FSB plans further clamp on penalties

Published Jun 30, 2013

Share

The Financial Services Board (FSB) has signalled that it plans to prevent life assurance companies from applying the maximum penalties more than once when endowment policyholders or retirement annuity (RA) fund members reduce or stop their contributions or cash in their policies before the contract ends.

This week, the FSB published a draft directive, which, if implemented, will place further limits on the confiscatory penalties that life companies may levy for “causal events”. A “causal event” occurs when you reduce or stop paying your contributions or premiums or withdraw your savings from an endowment policy before the policy matures. The “causal event” can arise through no fault of your own, such as losing your job and being unable to afford the payments.

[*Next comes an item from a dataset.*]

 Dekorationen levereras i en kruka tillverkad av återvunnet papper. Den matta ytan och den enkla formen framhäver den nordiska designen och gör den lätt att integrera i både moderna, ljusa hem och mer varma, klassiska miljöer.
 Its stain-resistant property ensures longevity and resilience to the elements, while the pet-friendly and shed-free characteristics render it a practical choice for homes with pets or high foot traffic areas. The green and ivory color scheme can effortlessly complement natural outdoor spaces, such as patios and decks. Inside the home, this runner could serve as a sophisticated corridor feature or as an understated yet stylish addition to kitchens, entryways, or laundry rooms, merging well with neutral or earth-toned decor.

In the draft directive, the FSB says that recent determinations by the Deputy Pension Funds Adjudicator, Muvhango Lukhaimane, have “highlighted the unfair and unreasonable practice by certain assurers, where multiple causal events occur in respect of the same policy, to deduct the maximum regulatory causal event charge for each causal event”.

The FSB reminds the life industry that limits were first placed on the confiscatory penalties in December 2005 by then Minister of Finance Trevor Manuel in terms of an agreement with the industry.

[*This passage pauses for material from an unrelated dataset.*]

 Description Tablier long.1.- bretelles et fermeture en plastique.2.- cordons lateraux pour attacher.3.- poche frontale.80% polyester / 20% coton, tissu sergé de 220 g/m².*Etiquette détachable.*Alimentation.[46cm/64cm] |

The reason was that “the lack of transparency of charge structures resulted in the reasonable expectations of policyholders in respect of net returns from contractual savings products (particularly in the context of early premium reduction and cessation) not being met”.

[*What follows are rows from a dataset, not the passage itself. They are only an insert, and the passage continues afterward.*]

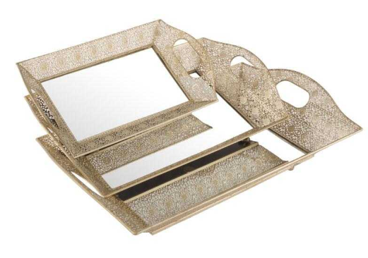 TERCİH 3 LÜ CAM TEPSİ ALTIN KULP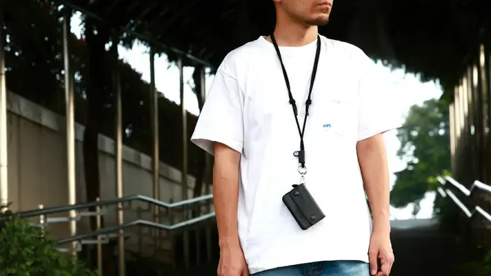 ベルトループで腰から下げる以外にも「ネックストラップ」を使用して「ネックウォレット」のように下げることが可能。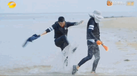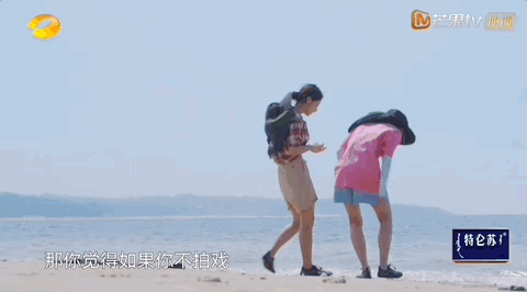 这些年轻人玩在一起,不需要什么剧本,本身就是青春剧。两位妹妹是文艺片的画风,刘昊然、张宥浩和彭昱畅则是“三傻大闹海滩”。

Before Manuel intervened, the penalties could be as much as 100 percent of your accumulated savings. The penalties were reduced again in January 2009 to their current levels of a maximum of 15 percent on RAs and 30 percent on endowment policies.

In its draft directive, the FSB says the practice of applying the maximum penalty for each “causal event” is inconsistent with the “spirit, intent and purpose” of the agreement reached with Manuel and the subsequent regulation of the penalties.

The FSB says a policyholder who has a number of “causal events” – for example, he or she reduces the premiums on an endowment policy or the contributions on an RA and then stops paying completely – could be penalised far more heavily by some life companies than a policyholder who has one “event”, such as stopping the payments. This, the FSB says, defeats the objectives of the agreement and the regulations.

The FSB says that although a life company may take into account more than one “causal event”, the penalties must not exceed the maximum possible for one “event”.

The FSB also reminds the industry that it is “not obliged to charge the maximum charges (penalties)”.

The life assurance industry has until the end of July to comment on the draft directive.